Existing vet requirements already protect animals from unnecessary euthanasia. There is no evidence of widespread unnecessary euthanasia requiring a government review or new reporting requirement.

Making a decision to euthanise an animal is often a complex, emotional and challenging decision, particularly when that animal is a much-loved family pet. Veterinary surgeons play an integral part in the decision to carry out euthanasia, in particular in relation to companion animals.

Euthanasia of an animal is an important means to help protect animal welfare by being able to relieve suffering. Whilst this is the primary reason for euthanasia, a veterinary surgeon must also take account of the owners’ wishes and circumstances. Advice about euthanasia is laid out in the guidance underpinning the Royal College of Veterinary Surgeons (RCVS) Code of Professional Conduct for Veterinary Surgeons, which all veterinary surgeons practising in the UK must adhere to. Where a veterinary surgeon considers a request for euthanasia is not in the best interest of the animal, they can and do challenge this.

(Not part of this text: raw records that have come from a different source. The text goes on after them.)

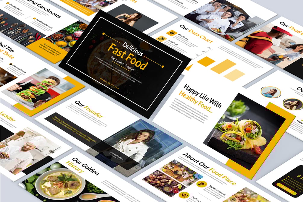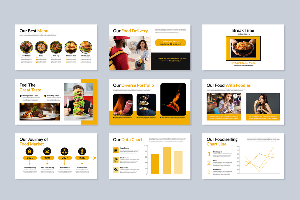 Make your culinary presentations stand out with the Food PowerPoint Presentation Template, perfect for restaurants, food businesses, chefs, and nutrition experts. Featuring over 24 unique slides, this template allows you to creatively showcase menu items, food concepts, recipes, and nutritional plans with a professional and vibrant design. Fully compatible with Microsoft PowerPoint and Adobe Illustrator, the template is designed for easy customization. It offers drag-and-drop photo replacement, master slide layout, and one-click theme color change to simplify the editing process. Whether you’re presenting to clients, investors, or colleagues, this food presentation template helps communicate your message effectively and beautifully.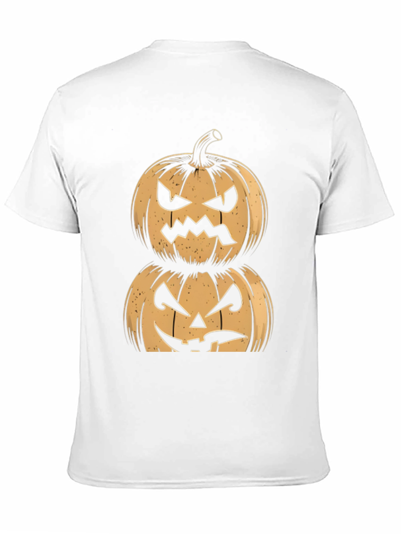 Get ready for Halloween with this eye-catching black t-shirt featuring a unique design of two stacked pumpkins! The pumpkins are illustrated in a vintage style with scary, cartoonish expressions and carved faces. The t-shirt is made from a comfortable-looking, breathable fabric, ideal for casual wear during the spooky season. The dark color provides a striking backdrop for the detailed pumpkin graphics, making the design pop. Wear it to Halloween parties, trick-or-treating, or as a fun everyday outfit to celebrate the holiday! Perfect for those who love pumpkins and Halloween.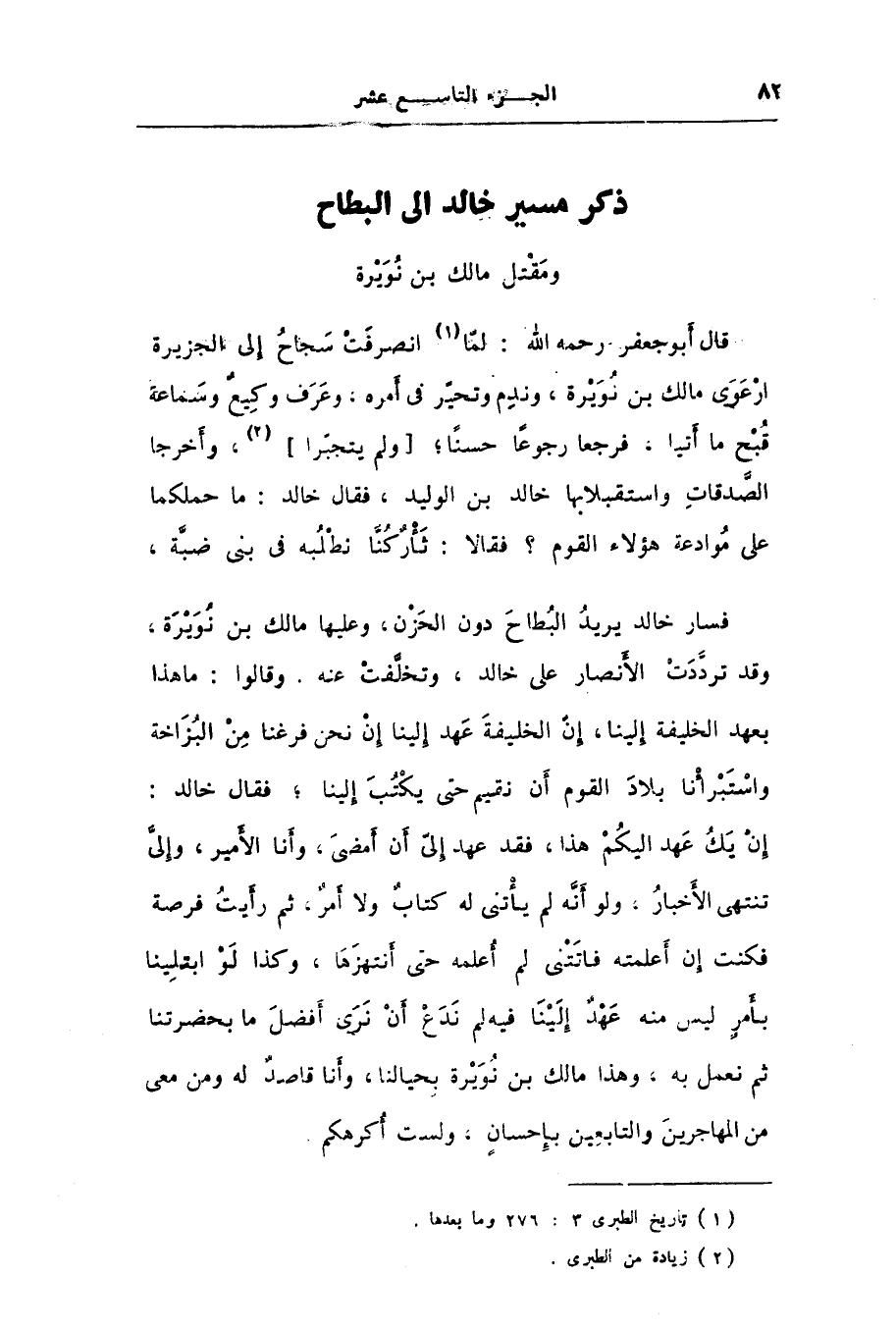 قال أبو جعفر رحمه الله: لمّا [1] انصرفت سجاح إلى الجزيرة ارعوى مالك بن نويرة، وندم وتحيّر فى أمره، وعرف وكيع وسماعة قبح ما أتيا، فرجعا رجوعا حسنا؛ [ولم يتجبّرا] [2] ، وأخرجا الصّدقات واستقبلا بها خالد بن الوليد، فقال خالد: ما حملكما على موادعة هؤلاء القوم؟ فقالا: ثأركنّا نطلبه فى بنى ضبّة، فسار خالد يريد البطاح دون الحزن، وعليها مالك بن نويرة، وقد تردّدت الأنصار على خالد، وتخلّفت عنه. وقالوا: ما هذا بعهد الخليفة إلينا، إنّ الخليفة عهد إلينا إن نحن فرغنا من البزاخة واستبرأنا بلاد القوم أن نقيم حتى يكتب إلينا؛ فقال خالد: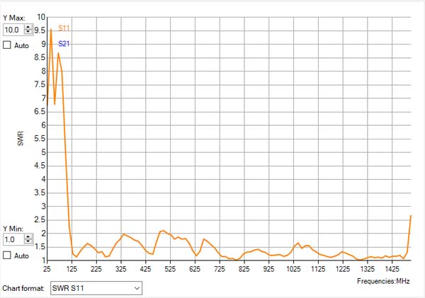 VSWRで表示するとこんな感じ。縦軸が1~10、横軸は25MHz~1500MHz。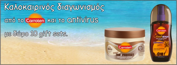 Το Carroten και το περιοδικό Antivirus σας δίνουν την δυνατότητα να κερδίσετε 10 gift sets με αντηλιακά προϊόντα για να αποκτήσετε ακαταμάχητο χρώμα, με την ασφάλεια που χρειάζεστε ώστε το καλοκαίρι μας να είναι μαγικό.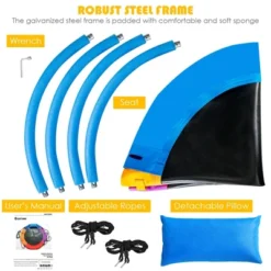 - Super Safety Design: The galvanized steel frame is covered by thick sponge to avoid accidental bumps. Made of PE, the ropes are durable to last for a long time in outdoor weather. And the seat made from thick oxford cloth and PP is wear-resistant. You can install it with one fixed carabiner, two fixed carabiners or one swivel carabiner according to your needs.

Last year the RCVS guidance was updated to provide greater assurance that alternatives to euthanasia are explored before a dog is put down (the Tuk’s Law principle). It now requires veterinary surgeons to scan for a microchip in dogs prior to euthanasia where, in their professional judgement, it is not necessary to put the dog down on animal health or welfare grounds.

Checking the details on the relevant microchip database reveals who the animal’s registered keepers are and can also alert the veterinary surgeon to anyone else who may have an interest in the animal. This may include rescue centres which have entered support back-up information on the microchip record. This information can help inform consideration about alternatives to euthanasia.

In March 2022 we launched a consultation to seek views on changes to current microchipping legislation which, if adopted, may make it easier and simpler for veterinary surgeons when they apply this RCVS guidance, for example by making it easier to access microchip database information. When compulsory cat microchipping is introduced, we expect that the RCVS will also consider applying this guidance on euthanasia to cats as well as to dogs. Other aspects of euthanasia guidance underpinning the RCVS Code of Professional Conduct for Veterinary Surgeons already apply to all animals.

The Animal Welfare Act 2006 ensures there are safeguards in place to protect the welfare of animals, including those undergoing euthanasia. We have not seen evidence of widespread unnecessary euthanasia and we do not consider that the case for a review or for a new reporting requirement has been established. A review may also have resource implications for both the veterinary profession and for the Government.